A perfect number is a number for which the sum of its proper divisors is exactly equal to the number. For example, the sum of the proper divisors of 28 would be 1 + 2 + 4 + 7 + 14 = 28, which means that 28 is a perfect number.
A number n is called deficient if the sum of its proper divisors is less than n and it is called abundant if this sum exceeds n.
As 12 is the smallest abundant number, 1 + 2 + 3 + 4 + 6 = 16, the smallest number that can be written as the sum of two abundant numbers is 24. By mathematical analysis, it can be shown that all integers greater than 28123 can be written as the sum of two abundant numbers. However, this upper limit cannot be reduced any further by analysis even though it is known that the greatest number that cannot be expressed as the sum of two abundant numbers is less than this limit.
Find the sum of all the positive integers which cannot be written as the sum of two abundant numbers.
Here is my code:
public class EulerProblem23 {
public static void main(String[] args) {
//First, I create an array containing all the numbers ranging from 1 to 28123.
int[] tall = new int[28123];
int x = 0;
for (int j = 1;j<=28123;j++){
tall[x] = j;
x++;
}
//Then, give all the numbers that can be written as the sum of two abundant numbers
//the value 0.
int forrige = 0;
for (int i = 1;i<=28123;i++){
if (isAbundant(i)){
if (2 * i <= 28123){
tall[i - 1] = 0;
}
if (forrige + i <= 28123){
tall[i - 1] = 0;
}
}
}
//All that's left should be summing all the numbers in the array.
long sum = 0;
for (int y = 0;y<28123;y++){
sum += tall[y];
}
System.out.println(sum);
}
public static boolean isAbundant(int n){
int sumAvDivisorer = 0;
for (int i = 1;i<n;i++){
if (n % i == 0){
sumAvDivisorer += i;
}
}
if (sumAvDivisorer > n){
return true;
}
else {
return false;
}
}
}
Is there something wrong with my logic here? Wouldn't all of the integers that can be defined as the sum of two abundant numbers become 0?
I would do it like this:
Make an array of all abundant numbers.
Add all pairs together. You can do this with nested for loops.

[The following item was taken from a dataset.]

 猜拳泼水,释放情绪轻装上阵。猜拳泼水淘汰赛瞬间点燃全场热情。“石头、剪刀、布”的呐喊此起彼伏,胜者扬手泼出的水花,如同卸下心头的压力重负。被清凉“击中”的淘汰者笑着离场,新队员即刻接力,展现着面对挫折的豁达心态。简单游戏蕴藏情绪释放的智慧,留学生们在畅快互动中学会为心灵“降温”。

For every pair that adds to a number less than or equal to 28123, add the sum of that pair to the total sum.
This code makes no sense:
//Then, give all the numbers that can be written as the sum of two abundant numbers
//the value 0.
int forrige = 0;
for (int i = 1;i<=28123;i++){
if (isAbundant(i)){
if (2 * i <= 28123){
tall[i - 1] = 0;
}
if (forrige + i <= 28123){
tall[i - 1] = 0;
}
}
}
Supposedly, what you want to know if, for each i in the loop, if there are two numbers j and k which are both abundant and such that j + k = i.

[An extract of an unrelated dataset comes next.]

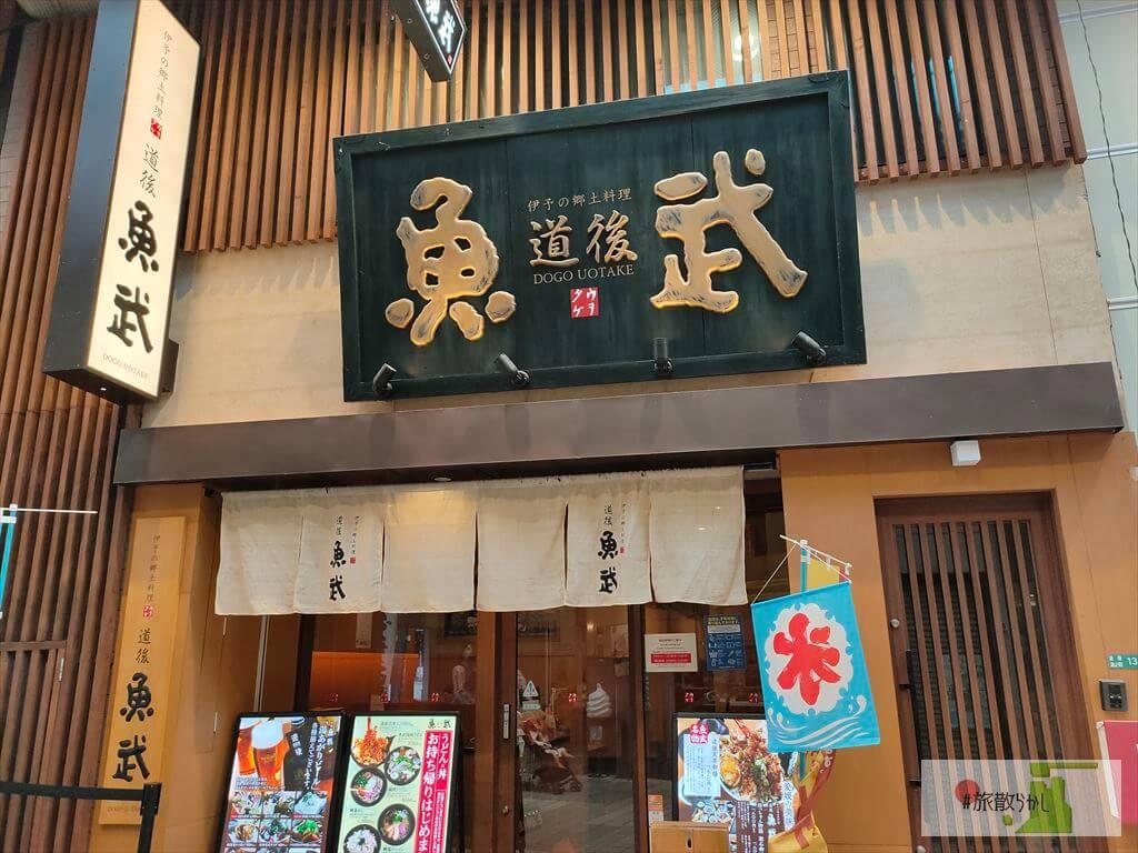 「道後 魚武」は道後温泉本館近くにある飲食店です。ランチ・ディナーいずれも営業していて、愛媛の郷土料理の品ぞろえが豊富。だいたいのものは魚武に来れば、食べられます。

Your code has no relation with it. Also, the second if has little meaning, as forrige is always 0.
What I would do.
1) An array of booleans [0, 28123]. True if the number is abundant (previous step). (*)
2) Another array [0, 28123]. True if the number in the position is the add of two abundant numbers. Loop i from 1 to 28123, for each i, loop z from 1 to i/2 (either j <= i/2 or k <= i / 2). For each z, check in the previous array for z and i-z, if both are true set the value to true.
3) Loop the previous array and add all the indexes that are true in the array.
Alternatively, is the condition of "abundant" is sparse enough, you could replace 1) with a list of the numbers which are abundant, and a hashset of them. So, instead of running j from 1 to i/2, you loop this list until you get to i/2 (use the hashset to find quickly if i-j is abundant or not).
Anyway, the idea in this problem is precalculating the values that you will be using again and again, instead of repeating the isAbundant calls to the same values time after time.